■ SOURCE MATERIAL:
━━━━━━

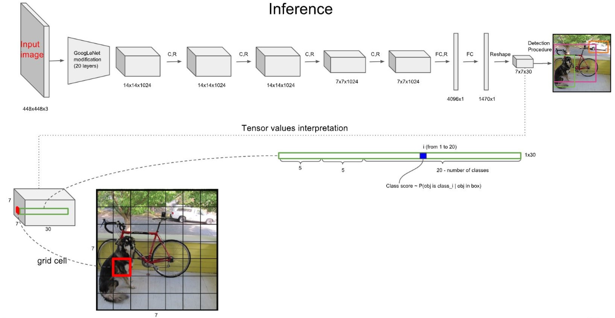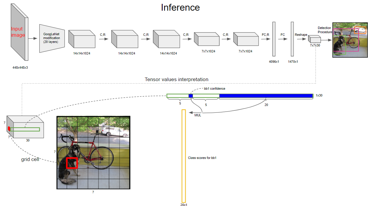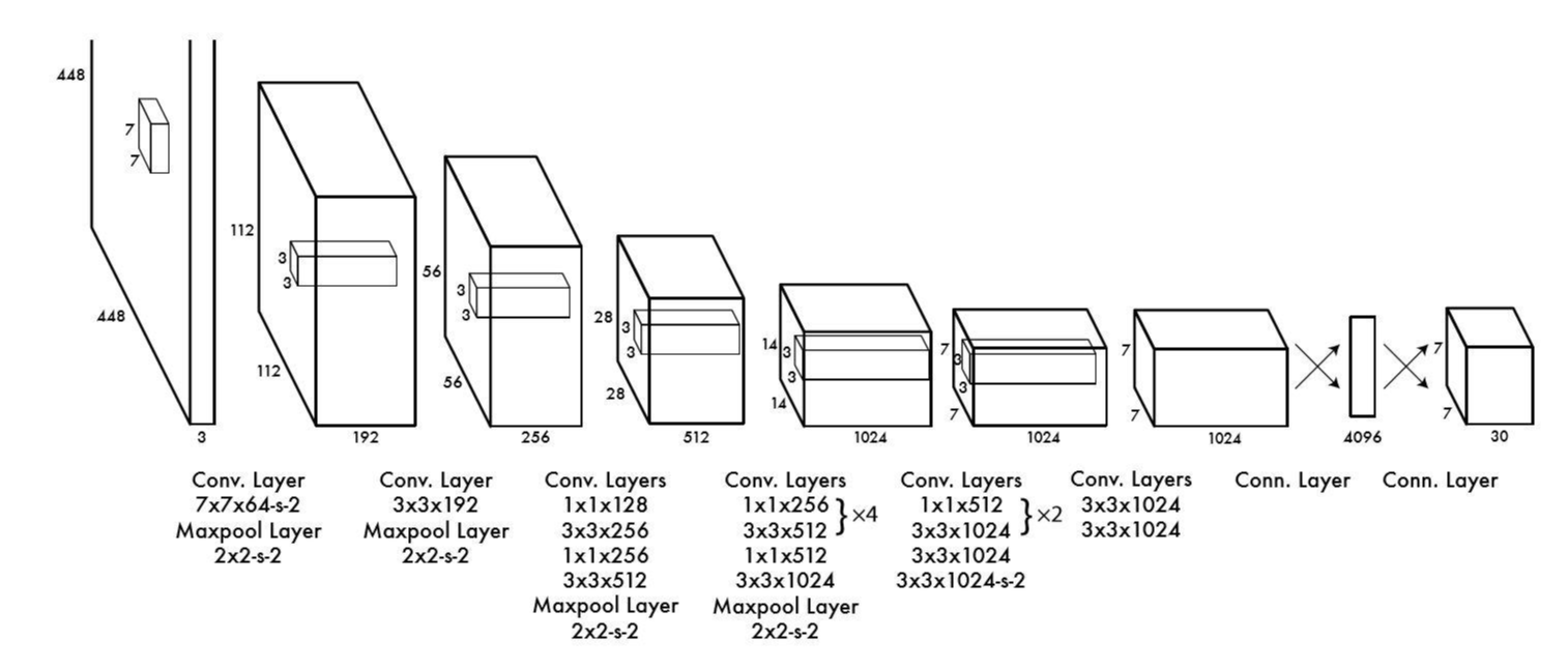 YOLO의 구조이다. Network architecture는 GoogLeNet for image classification 모델을 기반으로 한다. 좀 더 직관적으로 표현하면 아래와 같다.
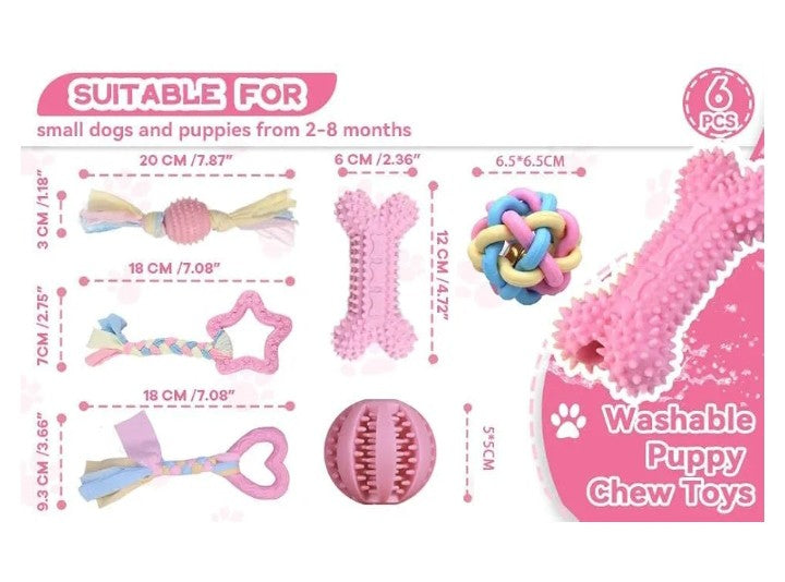 Eco-Friendly Fun: Our 6-pack teething toys for puppies small breed are crafted from high-quality, non-toxic materials, including cotton rope for aggressive chewers. It offers a range of small dog chew toys, all made with eco-friendly materials for a safe and sustainable choice
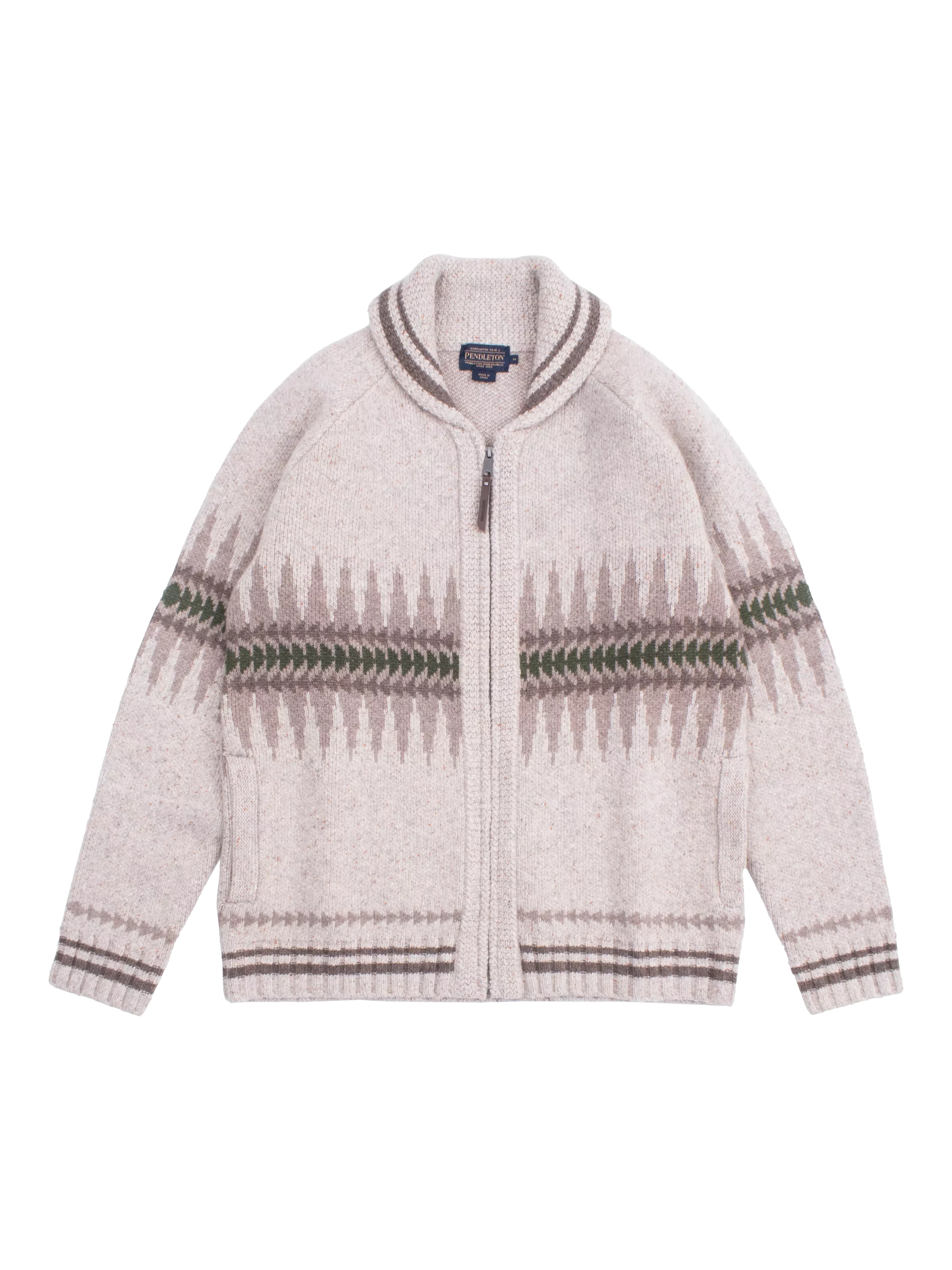A jumper with a vintage inspired sawtooth pattern, sporting a buck motif on the back. Featuring a shawl collar, side seam pockets, ribbed collar, cuff, hem and pockets, and a leather zipper pull.
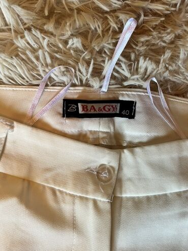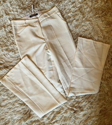 Ensiz biçimli, yüksək belli, açıq rəngli şalvar. Ölçüsü 42/XL-dir. Yan
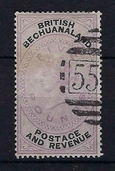 Bechuanaland - British Bechuanaland | 21 | £5 lilac & black. Cleaned of a fiscal cancel. Forged obliteration then applied. Stunning space filler. | FISC | £90.00 | |||
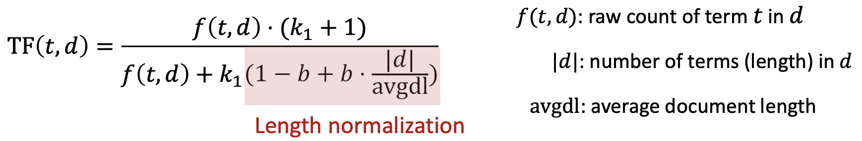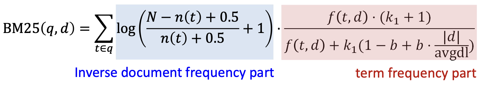 TF와 IDF는 BM25에서 다르게 정의되며, 이에 대해서는 이후에 자세히 살펴본다.
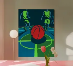 Illustrazione di azione per il basket - Dinamica e coinvolgente. Catturate i momenti emozionanti del gioco del basket con questa illustrazione ricca di azione!
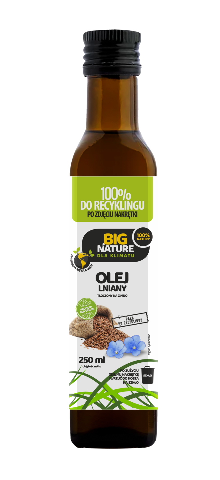 Opakowanie zawiera 250ml oleju lnianego tłoczonego na zimno.
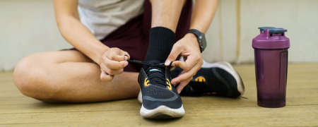 Happy Asian young sportsman trying to tie shoelaces before getting an exercise, man preparing for out workout. Healthy Asian young sporty man tie up a running shoes before running.

━━━━━━

■ EXERCISE DETAILS: Every line above must be printed again exactly, pictures excluded.

■ RESPONSE BELOW:
 YOLO의 구조이다. Network architecture는 GoogLeNet for image classification 모델을 기반으로 한다. 좀 더 직관적으로 표현하면 아래와 같다.
 Eco-Friendly Fun: Our 6-pack teething toys for puppies small breed are crafted from high-quality, non-toxic materials, including cotton rope for aggressive chewers. It offers a range of small dog chew toys, all made with eco-friendly materials for a safe and sustainable choice
A jumper with a vintage inspired sawtooth pattern, sporting a buck motif on the back. Featuring a shawl collar, side seam pockets, ribbed collar, cuff, hem and pockets, and a leather zipper pull.
 Ensiz biçimli, yüksək belli, açıq rəngli şalvar. Ölçüsü 42/XL-dir. Yan
 Bechuanaland - British Bechuanaland | 21 | £5 lilac & black. Cleaned of a fiscal cancel. Forged obliteration then applied. Stunning space filler. | FISC | £90.00 | |||
 TF와 IDF는 BM25에서 다르게 정의되며, 이에 대해서는 이후에 자세히 살펴본다.
 Illustrazione di azione per il basket - Dinamica e coinvolgente. Catturate i momenti emozionanti del gioco del basket con questa illustrazione ricca di azione!
 Opakowanie zawiera 250ml oleju lnianego tłoczonego na zimno.
 Happy Asian young sportsman trying to tie shoelaces before getting an exercise, man preparing for out workout. Healthy Asian young sporty man tie up a running shoes before running.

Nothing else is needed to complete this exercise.